Julien Bayou in “Le Monde”, from Black Thursday to Vert de rage

LThe withdrawal and the “media silence” announced by his entourage on September 20 did not last long. Six days later, Julien Bayou resigned from his post as national secretary of Europe Ecologie-Les Verts. The ex-ecologist boss lamented in a press release, Monday, September 26, to be “accused of facts which [lui] are not presented, of which [ses] accusers say they are not criminally reprehensible, and whose [il] can’t[t] not [se] defend since we refuse to [l]’To hear. It’s Kafka in the age of social networks. »

His statement does not dissipate the thick fog around the facts of which he is accused, after his public questioning, a few days earlier, by Sandrine Rousseau on the set of the program “C à vous”. Bayou’s lawyer, M.e Marie Dosé, assured, Monday during a press conference, that her client “has never exercised the slightest psychological violence towards his companions”, denouncing a “vulgar unpacking” and “the instrumentalization of the just fight against sexual and gender-based violence for political ends”, two months from the EELV congress. With this departure, the former leader of the Greens puts an end, as he underlines in his press release, to “more than nine years of commitment in the direction of the movement”.

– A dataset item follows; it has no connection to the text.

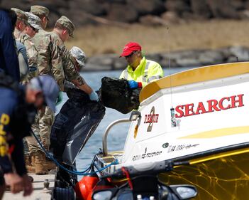 Water safety officials hand over materials to military personnel stationed at a command center at a boat harbor, Wednesday, Aug. 16, 2017, in Haleiwa, Hawaii. An Army helicopter with five on board crashed several miles off Oahu's North Shore late Tuesday. (Marco Garcia/AP)

“I looked for the party or the union where I could get involved, but I have not yet found the shoe that suits me. » Julien Bayou, in 2008

For a long time, Julien Bayou campaigned on the sidelines of parties. On November 12, 2008, in a “Campus” supplement to the World titled “What have student leaders become? », François Schott paints the portrait of a 28-year-old young man who “made itself the spokesperson for underpaid trainees by creating Génération précaire and for students who were victims of rising rents by founding Jeudi noir”.

Son of very committed sixty-eighters, Julien Bayou, after studying economics in Strasbourg then at Sciences Po Paris, then worked for a coordination of NGOs. But “a new kind of activist” confides to the journalist that he feels more useful in his associative activities. “To implement his ideas, writes François Schott, it also envisages a political commitment. “It would be an extension of my militant action. I looked for the party or the union where I could get involved, but I haven’t yet found the shoe that suited me”, he regrets. »

Punching actions

Julien Bayou is then part of this new generation of “supporters of militant laughter”, abstract The World Magazine in September 2009. Young people, “committed facetious”, followers of punching actions and active on the Internet – “it’s in a cybercafé that Julien Bayou makes an appointment”, notes Hubert Prolongeau. These new activists have “the same desire to shake things up, the same ideas (to resist capitalism rather than to belong to a party), the same awareness of the importance of the media and the same desire to have fun”.